====== The data

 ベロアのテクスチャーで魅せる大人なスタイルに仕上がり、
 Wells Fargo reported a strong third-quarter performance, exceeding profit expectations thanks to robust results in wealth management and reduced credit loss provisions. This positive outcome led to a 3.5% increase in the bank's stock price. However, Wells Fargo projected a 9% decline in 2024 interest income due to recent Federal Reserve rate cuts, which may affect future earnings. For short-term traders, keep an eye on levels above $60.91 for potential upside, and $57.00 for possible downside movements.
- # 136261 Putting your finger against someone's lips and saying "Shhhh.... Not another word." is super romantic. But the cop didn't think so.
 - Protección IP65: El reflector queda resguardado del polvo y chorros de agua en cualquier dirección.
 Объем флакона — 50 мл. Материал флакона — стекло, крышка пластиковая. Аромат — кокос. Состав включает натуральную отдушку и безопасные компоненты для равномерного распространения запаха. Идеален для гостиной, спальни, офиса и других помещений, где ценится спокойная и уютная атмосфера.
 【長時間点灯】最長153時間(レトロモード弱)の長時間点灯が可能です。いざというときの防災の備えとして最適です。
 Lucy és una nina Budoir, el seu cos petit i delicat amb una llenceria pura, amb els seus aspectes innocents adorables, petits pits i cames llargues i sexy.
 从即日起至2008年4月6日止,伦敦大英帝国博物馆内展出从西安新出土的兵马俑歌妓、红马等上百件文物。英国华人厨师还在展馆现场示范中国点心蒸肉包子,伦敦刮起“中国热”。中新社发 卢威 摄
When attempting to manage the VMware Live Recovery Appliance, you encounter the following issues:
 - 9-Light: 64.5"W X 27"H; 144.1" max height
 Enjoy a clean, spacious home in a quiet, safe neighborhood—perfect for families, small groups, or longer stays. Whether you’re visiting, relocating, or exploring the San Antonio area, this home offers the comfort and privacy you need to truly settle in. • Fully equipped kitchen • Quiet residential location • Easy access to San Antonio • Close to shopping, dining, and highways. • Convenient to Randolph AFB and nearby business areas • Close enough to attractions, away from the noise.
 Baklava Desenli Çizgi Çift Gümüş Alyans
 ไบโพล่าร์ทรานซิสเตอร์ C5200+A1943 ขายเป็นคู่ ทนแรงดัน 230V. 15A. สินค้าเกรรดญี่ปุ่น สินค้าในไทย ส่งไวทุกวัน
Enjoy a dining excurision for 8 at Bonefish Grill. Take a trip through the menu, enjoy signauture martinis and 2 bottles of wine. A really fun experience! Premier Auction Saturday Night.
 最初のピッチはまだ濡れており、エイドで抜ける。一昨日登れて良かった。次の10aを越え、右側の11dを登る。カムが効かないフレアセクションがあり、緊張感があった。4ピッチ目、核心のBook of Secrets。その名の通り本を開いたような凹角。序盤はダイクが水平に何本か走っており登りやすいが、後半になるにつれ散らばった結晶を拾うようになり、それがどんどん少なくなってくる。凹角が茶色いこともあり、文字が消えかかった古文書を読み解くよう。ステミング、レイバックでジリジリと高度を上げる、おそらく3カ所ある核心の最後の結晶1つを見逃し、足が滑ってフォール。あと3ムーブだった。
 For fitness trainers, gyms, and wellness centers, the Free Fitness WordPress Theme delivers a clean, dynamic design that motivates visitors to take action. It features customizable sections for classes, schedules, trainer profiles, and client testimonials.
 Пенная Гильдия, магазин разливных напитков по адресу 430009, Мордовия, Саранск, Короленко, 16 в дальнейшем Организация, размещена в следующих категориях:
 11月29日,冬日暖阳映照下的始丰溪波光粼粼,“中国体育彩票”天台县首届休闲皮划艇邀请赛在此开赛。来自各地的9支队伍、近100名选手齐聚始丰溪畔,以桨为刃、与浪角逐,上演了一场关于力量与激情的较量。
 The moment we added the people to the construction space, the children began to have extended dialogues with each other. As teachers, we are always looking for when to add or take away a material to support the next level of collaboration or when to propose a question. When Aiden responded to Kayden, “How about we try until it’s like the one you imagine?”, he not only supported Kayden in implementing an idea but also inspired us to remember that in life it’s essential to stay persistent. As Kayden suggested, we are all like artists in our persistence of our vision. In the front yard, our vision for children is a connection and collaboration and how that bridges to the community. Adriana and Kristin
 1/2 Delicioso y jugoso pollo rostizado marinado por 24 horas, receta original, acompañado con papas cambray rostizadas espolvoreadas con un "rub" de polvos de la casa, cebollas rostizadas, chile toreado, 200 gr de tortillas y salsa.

============

**Your goal:** For each line above that contains "When", make a copy.

**Task output:**
When attempting to manage the VMware Live Recovery Appliance, you encounter the following issues:
 The moment we added the people to the construction space, the children began to have extended dialogues with each other. As teachers, we are always looking for when to add or take away a material to support the next level of collaboration or when to propose a question. When Aiden responded to Kayden, “How about we try until it’s like the one you imagine?”, he not only supported Kayden in implementing an idea but also inspired us to remember that in life it’s essential to stay persistent. As Kayden suggested, we are all like artists in our persistence of our vision. In the front yard, our vision for children is a connection and collaboration and how that bridges to the community. Adriana and Kristin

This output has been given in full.